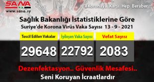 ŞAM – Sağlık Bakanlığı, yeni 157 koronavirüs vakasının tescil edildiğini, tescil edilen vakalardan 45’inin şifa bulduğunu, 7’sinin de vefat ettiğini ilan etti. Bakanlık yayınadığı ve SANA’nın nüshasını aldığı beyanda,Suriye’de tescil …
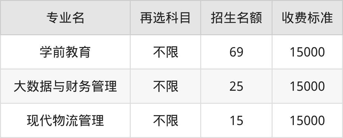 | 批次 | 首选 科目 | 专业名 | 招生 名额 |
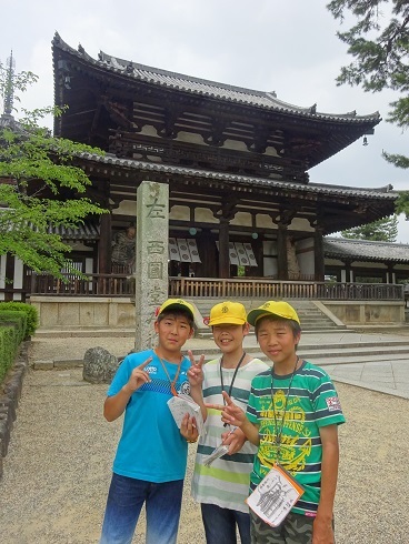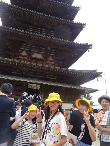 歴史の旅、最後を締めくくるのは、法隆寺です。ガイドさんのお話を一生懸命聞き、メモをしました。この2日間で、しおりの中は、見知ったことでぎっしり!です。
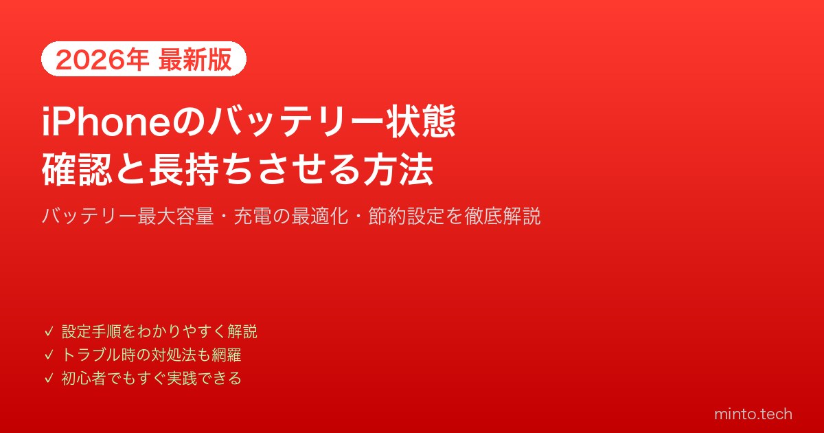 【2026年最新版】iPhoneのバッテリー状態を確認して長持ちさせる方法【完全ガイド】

****************************************

### WORK TO COMPLETE
Word for word, repeat the material above and drop the pictures.

### ANSWER AREA
 ŞAM – Sağlık Bakanlığı, yeni 157 koronavirüs vakasının tescil edildiğini, tescil edilen vakalardan 45’inin şifa bulduğunu, 7’sinin de vefat ettiğini ilan etti. Bakanlık yayınadığı ve SANA’nın nüshasını aldığı beyanda,Suriye’de tescil …
 | 批次 | 首选 科目 | 专业名 | 招生 名额 |
 歴史の旅、最後を締めくくるのは、法隆寺です。ガイドさんのお話を一生懸命聞き、メモをしました。この2日間で、しおりの中は、見知ったことでぎっしり!です。
 【2026年最新版】iPhoneのバッテリー状態を確認して長持ちさせる方法【完全ガイド】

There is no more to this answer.